JIMMY FLINT has been throwing punches for most of his life - in the school playground, then later in the ring during his career as a top fighter. In his new life as an actor on stage, he is still doing it with style, writes Len Whaley.

The former amateur champion who became a top class pro has been an actor for more than 20 years and now links his two careers in a one-man show entitled Wapping Assassin, which is based on his own troubled early days and his rise to fame in the ring.

Following a successful four-night run at Wilton's Music Hall - just a short distance from his old home in Wapping - Flint is involved in talks about taking the play on tour around the country. There is even a possibility that the play will transfer to Broadway.

"That prospect really excites me," says Flint. "Imagine the thrill of going on stage in New York with my own play."

Flint has been on stage before and has also appeared in a number of films including Lock, Stock and Two Smoking Barrels, Revolver and The Krays.

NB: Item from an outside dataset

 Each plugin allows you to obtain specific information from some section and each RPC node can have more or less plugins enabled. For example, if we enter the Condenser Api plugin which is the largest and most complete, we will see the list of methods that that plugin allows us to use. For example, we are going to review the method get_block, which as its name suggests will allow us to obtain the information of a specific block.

He shows remarkable range in Wapping Assassin, which he wrote himself, and sees him playing various roles as the characters that have influenced his journey through life, including his struggles in and out of the ring.

As a writer who had a ringside seat at most of his boxing nights at Wembley and the Royal Albert Hall, you can take it from me he could fight too.

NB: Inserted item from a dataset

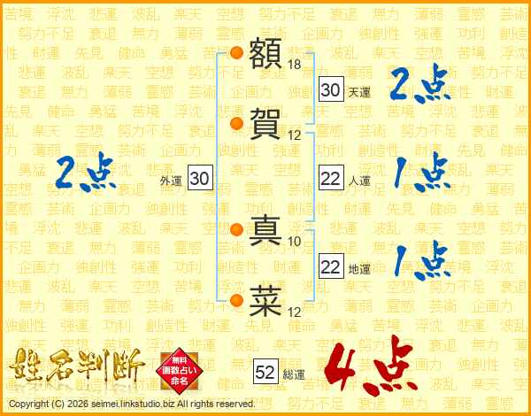 額賀真菜さんの総運は52画の4点!

Flint would certainly have added the British title to his achievements but for the fact that the outstanding Midlands fighter Pat Cowdell ruled the featherweight division at the time.

He was stopped in the eleventh round of a tough battle against Cowdell at the Royal Albert Hall in 1980.

It was only his second defeat in 20 fights but within a year he had retired from the sport.

In his fighting days, Flint had a ruthless streak that brought him into conflict with boxing authorities and in his later career he has not been slow to pass on some unrequested acting advice to big-name performers - but that's his character.

Despite admitting that he struggled to read or write until he was in his thirties, Flint has subsequently made a successful living as an actor and now a playwright.

But despite his own success in the two fields, Flint admits he would not like to see his own 13-year-old son become boxer or an actor.

"You have to take some pretty hard knocks in both - you can believe me," he smiles.